Getting Started With MDB

MDB provides sophisticated debugging support for analyzing kernel problems. This section provides an overview of MDB's features. For a more complete discussion of MDB's capabilities, refer to the Solaris Modular Debugger Guide.

MDB's command syntax is compatible with the kadb syntax and MDB can execute all of the kadb (and legacy adb) macros. These are stored in /usr/lib/adb and in /usr/platform/`uname -i`/lib/adb for 32-bit kernels; and in /usr/lib/adb/sparcv9 and /usr/platform/`uname -i`/lib/adb/sparcv9 for 64-bit kernels.

In addition to macro files, MDB supports 'debugger commands' or dcmds. These dcmds can be dynamically loaded at runtime from a set of debugger modules. MDB provides a first-class programming API for implementing debugger modules so that driver developers can implement their own custom debugging support. MDB also provides a host of usability features, such as command line editing, command history, an output pager, and online help.

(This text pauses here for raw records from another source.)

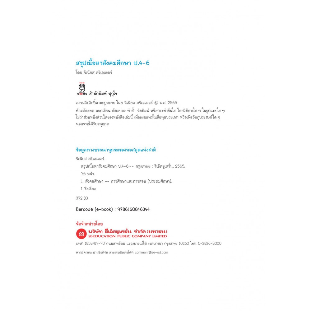 สรุปเนื้อหาสังคมศึกษา ป.4-6 เล่มนี้ รวบรวมคอนเซปต์สำคัญๆ ที่พบบ่อยในข้อสอบวิชาสังคมศึกษา ระดับประถมปลาย ให้อยู่ในรูปของชีตสรุปลายมือ 4 สีสดใส เพื่อให้ง่ายต่อการเข้าใจ จดจำ และนำไปใช้ เนื้อหาครบถ้วนทั้ง 5 สาระการเรียนรู้ ได้แก่ ศาสนา หน้าที่พลเมือง เศรษฐศาสตร์ ภูมิศาสตร์ และประวัติศาสตร์ ช่วยย่นระยะเวลาในการอ่าน เหมาะกับการอ่านทบทวนก่อนสอบและเตรียมตัวสอบเข้า ม.1 เสริมความมั่นใจของน้องๆ ระดับประถมปลายได้ง่ายๆ ด้วยตัวเอง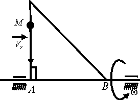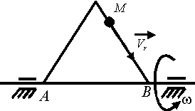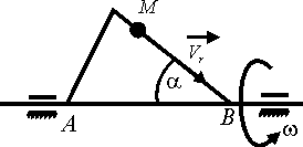 По стороне треугольника, вращающегося вокруг стороны АВ с угловой скоростью ω = 4 рад /с, движется точка М с относительной скоростью vr = 2 м/с. Определить модуль ускорения Кориолиса точки М, если угол α = 30°. |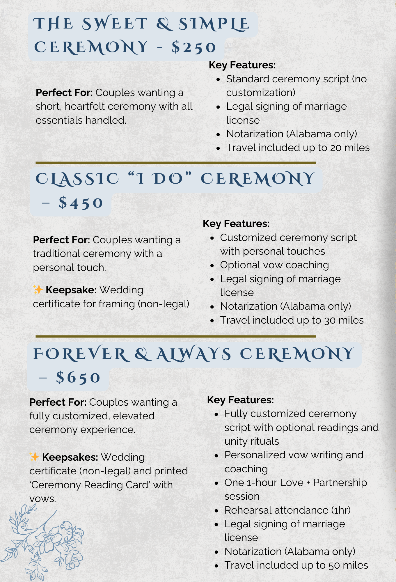 Your wedding day is a chapter you’ll carry in your heart forever, and the ceremony is where it all begins. As your officiant, I hold the honor of guiding that sacred moment with warmth, grace, and care. Whether your vision is timeless and traditional, spiritual or non-religious, modern or uniquely your own, every love story deserves to be celebrated. I joyfully officiate ceremonies for all couples, honoring love in its truest form—without limitation. My role is simple but profound: to create a ceremony that feels deeply personal, filled with intention, and worthy of the promises you’re ready to make.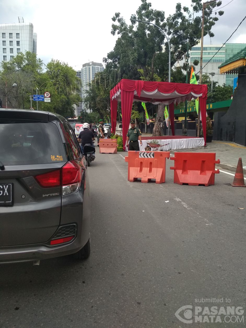 Beralih fungsi menjadi tempat panggung, trotoar dan bahu Jalan Pengadilan Medan kehilangan fungsi utamanya. Pejalan kaki kehilangan tempat melintas hari ini di jalan tersebut.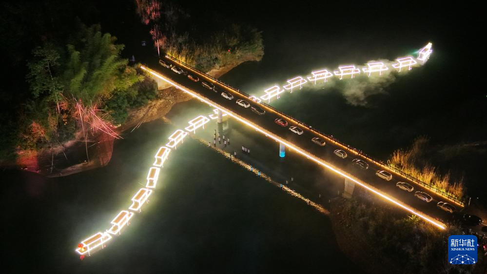 5月1日晚,百米龙排遨游在广西东兰县坡豪湖国家湿地公园。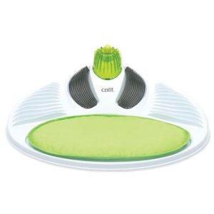 Masážní centrum má nízkou ergonomicky tvarovanou základnu s vlnitými masážními hřebeny po obou stranách. Ty budou pomáhat uspokojit kočku, která potřebuje poškrábat, nebo namasírovat a to i v těžko přístupných místech.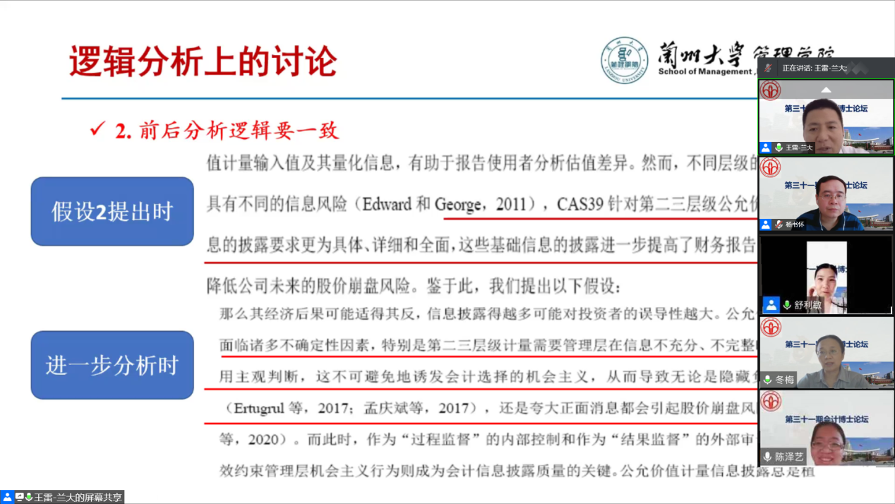 7月5日上午9:00-11:00,pg游戏电子模拟器与科研处联合举办的第三十一期会计博士论坛在腾讯会议线上召开。此次论坛主题是杨书怀教授报告其工作论文:公允价值分层计量降低了股价崩盘风险吗?——基于内外部监督的调节效应检验。论坛邀请了兰州大学管理学院会计系主任,会计学术联盟联合发起人王雷博士对杨教授的论文进行点评。pg游戏电子模拟器院长文芳教授、副院长舒利敏博士、周静博士、吴冬梅博士、陈泽艺博士等20多位教师以及20级部分研究生和本科生参加了本次论坛。

MDB provides a rich set of modules and dcmds for debugging the Solaris kernel and associated modules and device drivers. These facilities allow you to formulate complex debugging queries: locate all the memory allocated by a particular thread; print a visual picture of a kernel STREAM; determine what type of structure a particular address refers to; locate leaked memory blocks in the kernel; analyze memory to locate stack traces; and more.


Note -

In earlier versions of the Solaris operating environment, adb(1) was the recommended tool for post-mortem analysis. In the Solaris 8 operating environment, mdb(1) is the new recommended tool for post-mortem analysis; it provides an upward-compatible syntax and feature set. In addition, mdb includes features that surpass the set of commands available from the legacy crash(1M) utility.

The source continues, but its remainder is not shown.